WHAT YOU HAVE TO DO: Among the entries that follow, locate the line with "四川康藏路橋有限責(zé)任" and the line with "在阅读页点击正中间呼出菜单,点击下方[背景],可对阅读页的背景和亮度进行调整。". Output those lines and all lines in between, exactly, minus the pictures.

LISTED ENTRIES:
* * *

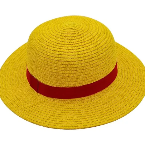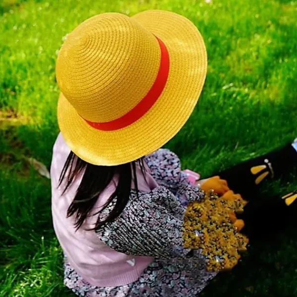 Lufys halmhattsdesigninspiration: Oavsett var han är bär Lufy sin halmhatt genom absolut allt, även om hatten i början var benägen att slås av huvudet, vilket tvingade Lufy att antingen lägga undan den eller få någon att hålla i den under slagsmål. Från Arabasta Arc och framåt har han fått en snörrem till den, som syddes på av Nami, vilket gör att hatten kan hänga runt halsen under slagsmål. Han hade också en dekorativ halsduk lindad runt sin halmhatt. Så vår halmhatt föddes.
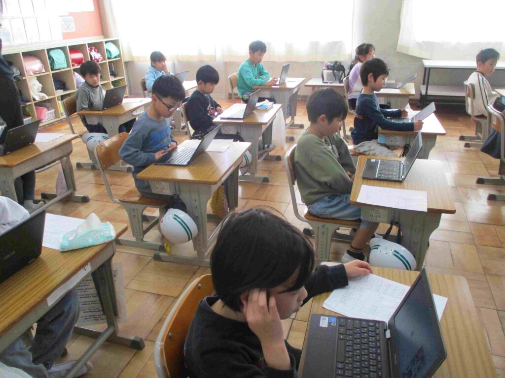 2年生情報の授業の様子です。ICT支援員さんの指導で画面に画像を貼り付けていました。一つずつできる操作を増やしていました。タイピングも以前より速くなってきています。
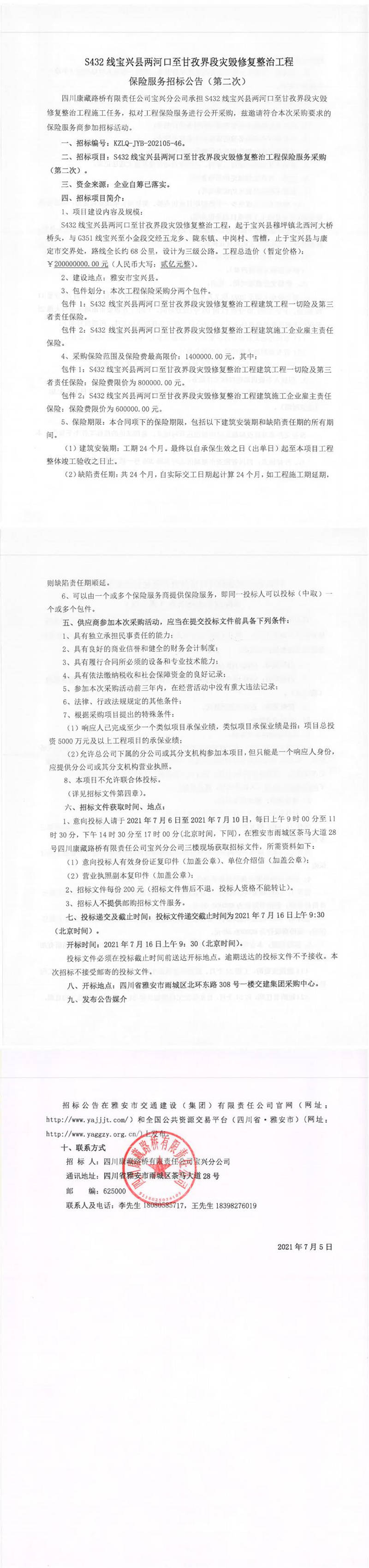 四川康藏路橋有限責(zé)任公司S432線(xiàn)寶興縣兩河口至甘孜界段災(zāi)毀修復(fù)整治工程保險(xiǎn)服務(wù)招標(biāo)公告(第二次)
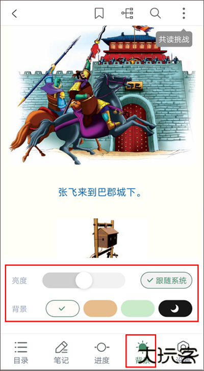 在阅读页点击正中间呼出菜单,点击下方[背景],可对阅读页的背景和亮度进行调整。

* * *

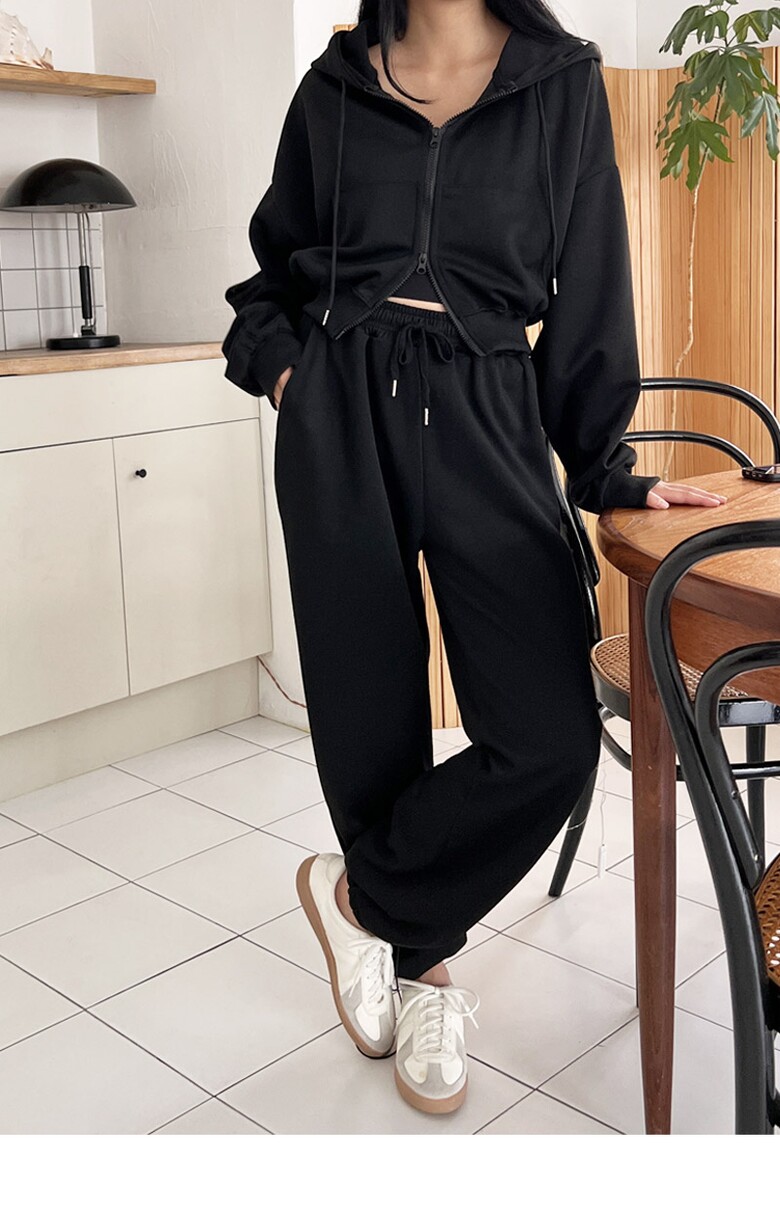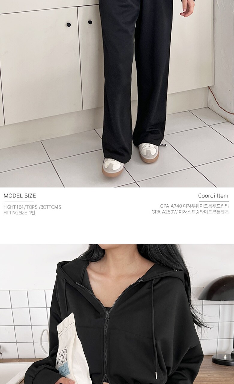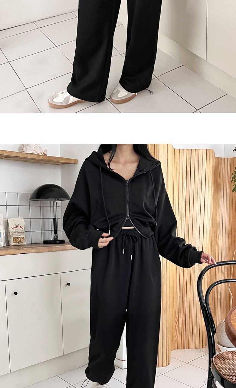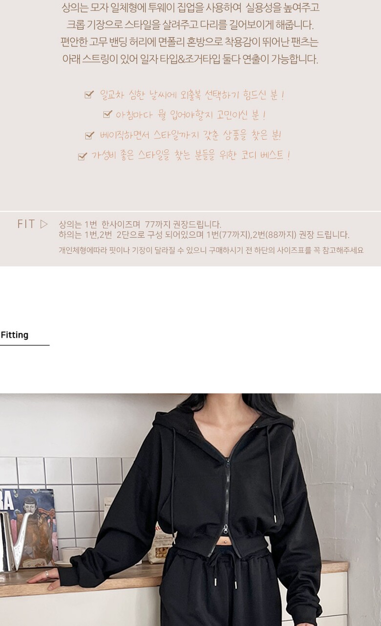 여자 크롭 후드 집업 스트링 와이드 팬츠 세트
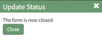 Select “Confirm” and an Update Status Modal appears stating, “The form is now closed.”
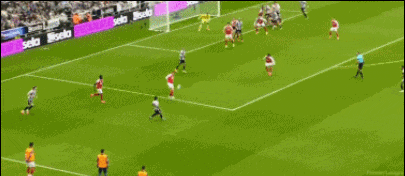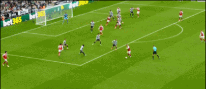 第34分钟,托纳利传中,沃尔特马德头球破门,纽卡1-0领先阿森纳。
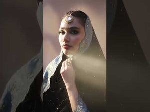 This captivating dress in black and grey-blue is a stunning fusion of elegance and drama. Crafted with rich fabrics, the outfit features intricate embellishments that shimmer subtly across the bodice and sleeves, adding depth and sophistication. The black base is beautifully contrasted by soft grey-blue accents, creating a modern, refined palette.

* * *

REPLY TO THE EXERCISE:
 四川康藏路橋有限責(zé)任公司S432線(xiàn)寶興縣兩河口至甘孜界段災(zāi)毀修復(fù)整治工程保險(xiǎn)服務(wù)招標(biāo)公告(第二次)
 在阅读页点击正中间呼出菜单,点击下方[背景],可对阅读页的背景和亮度进行调整。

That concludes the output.